Alice was fine-cutting the bike scene, where the troublemaker and the main character double to the ravine to carve their initials into trees and make out under the moon. The footage was grainy and making you feel a little shitty for not listening to your camera operator or for not changing your script, but it was what it was now, so you told yourself that maybe the story was beautiful enough to excuse the shoddy shooting and the fact that you chose poetic logic over the limitations that camera and budget placed on your project. 
You told Alice you’d be back and she asked if you could please be quicker this time.
You found Harmony and Carson in a room off the hall opposite the hall you and Alice were working down. On the screen was an image of Harmony suspended in mid-air above a field of tall grass you guessed was wheat. Muscles bulged here and there despite the tensor bandage binding Harmony’s torso. You were reminded of Kurt Vonnegut’s story, “Harrison Bergeron.” “Hi,” Harmony said. You introduced yourself to Carson.
At Harmony’s urging, Carson showed you what they had cut so far, “Even though there’s no music yet and some of the cuts need fine tuning.”
“Where’d you shoot this?” You watched the screen carefully, waiting for the leap or bend that would press Harmony’s baggy pants against whatever was inside them.
“My family’s farm,” Carson said.
“In Saskatchewan,” Harmony said. “We stayed with Carson’s family for a week. It was so lovely.” Harmony smiled at Carson and your heart was set on breaking a little until you saw the way Carson turned back to the screen.

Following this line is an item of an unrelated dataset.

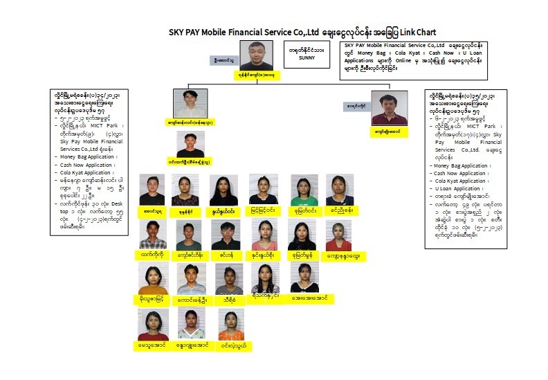 ဖမ်းဆီးရမိသည့် တရားခံ ရန်နိုင်ကျော်(ခ)အားဖု၏ ထွက်ဆိုချက်အရ ဖေဖော်ဝါရီလ ၄ ရက်နေ့ မွန်းလွဲ ၃ နာရီခွဲအချိန်တွင် ရန်ကုန်တိုင်းဒေသကြီး၊ လှိုင်မြို့နယ်၊ MICT Park၊ တိုက်အမှတ် (၉)၊ (၄)လွှာရှိ Sky Pay Mobile Financial Services Co.,Ltd. ရုံးခန်းသို့ ဝင်ရောက်ရှာဖွေရာ Money Bag Application ၊ Cash Now Application ၊ Cola Kyat Application တို့အား အသုံးပြုပြီး တရားမဝင် Online ချေးငွေလုပ်ငန်းလုပ်ကိုင်နေသည့် မန်နေဂျာကျော်ဆန်းလင်း(ခ)အားချန်ပါ ၂၂ ဦးတို့အား လက်ကိုင်ဖုန်း ၃၀ လုံး၊ လက်တော့ ၅၅ လုံး၊ Desktop ၁ လုံးနှင့် ဆက်စပ်ပစ္စည်းများဖြင့်လည်းကောင်း၊
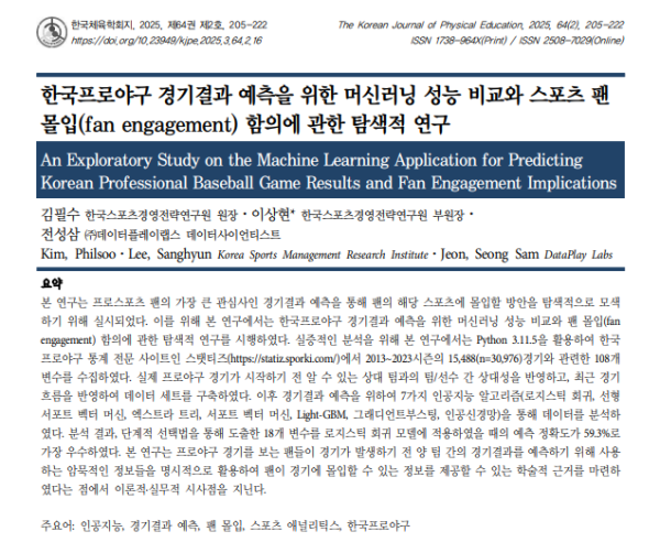 본 연구는 프로스포츠 팬의 가장 큰 관심사인 경기결과 예측을 통해 팬의 해당 스포츠에 몰입할 방안을 탐색적으로 모색 하기 위해 실시되었다. 이를 위해 본 연구에서는 한국프로야구 경기결과 예측을 위한 머신러닝 성능 비교와 팬 몰입(fan engagement) 함의에 관한 탐색적 연구를 시행하였다. 실증적인 분석을 위해 본 연구에서는 Python 3.11.5을 활용하여 한국 프로야구 통계 전문 사이트인 스탯티즈(https://statiz.sporki.com/)에서 2013~2023시즌의 15,488(n=30,976)경기와 관련한 108개 변수를 수집하였다. 실제 프로야구 경기가 시작하기 전 알 수 있는 상대 팀과의 팀/선수 간 상대성을 반영하고, 최근 경기 흐름을 반영하여 데이터 세트를 구축하였다. 이후 경기결과 예측을 위하여 7가지 인공지능 알고리즘(로지스틱 회귀, 선형 서포트 벡터 머신, 엑스트라 트리, 서포트 벡터 머신, Light-GBM, 그래디언트부스팅, 인공신경망)을 통해 데이터를 분석하 였다. 분석 결과, 단계적 선택법을 통해 도출한 18개 변수를 로지스틱 회귀 모델에 적용하였을 때의 예측 정확도가 59.3%로 가장 우수하였다. 본 연구는 프로야구 경기를 보는 팬들이 경기가 발생하기 전 양 팀 간의 경기결과를 예측하기 위해 사용 하는 암묵적인 정보들을 명시적으로 활용하여 팬이 경기에 몰입할 수 있는 정보를 제공할 수 있는 학술적 근거를 마련하 였다는 점에서 이론적·실무적 시사점을 지닌다

Harmony came back with you to your editing suite and watched what you and Alice had done. You felt gratified when Harmony laughed at the scene of the troublemaker arriving at the main character’s family’s home for dinner, especially when she hopped off her bike and let it glide into the carefully maintained garden beside the front walk.
“What a great actor that woman is,” Harmony said. “She’s— Oh, she’s just so perfect. And I love the story.”
You said, Thanks.
Harmony asked you to go to breakfast and you hesitated for just a second because you never stayed up this late and you were exhausted, but Oh my God, oh my God, oh my God, you would love to. “You know what,” Harmony said, “I think you should go home and get some sleep, but,” Harmony looked around for you didn’t know what, “let me give you my number.”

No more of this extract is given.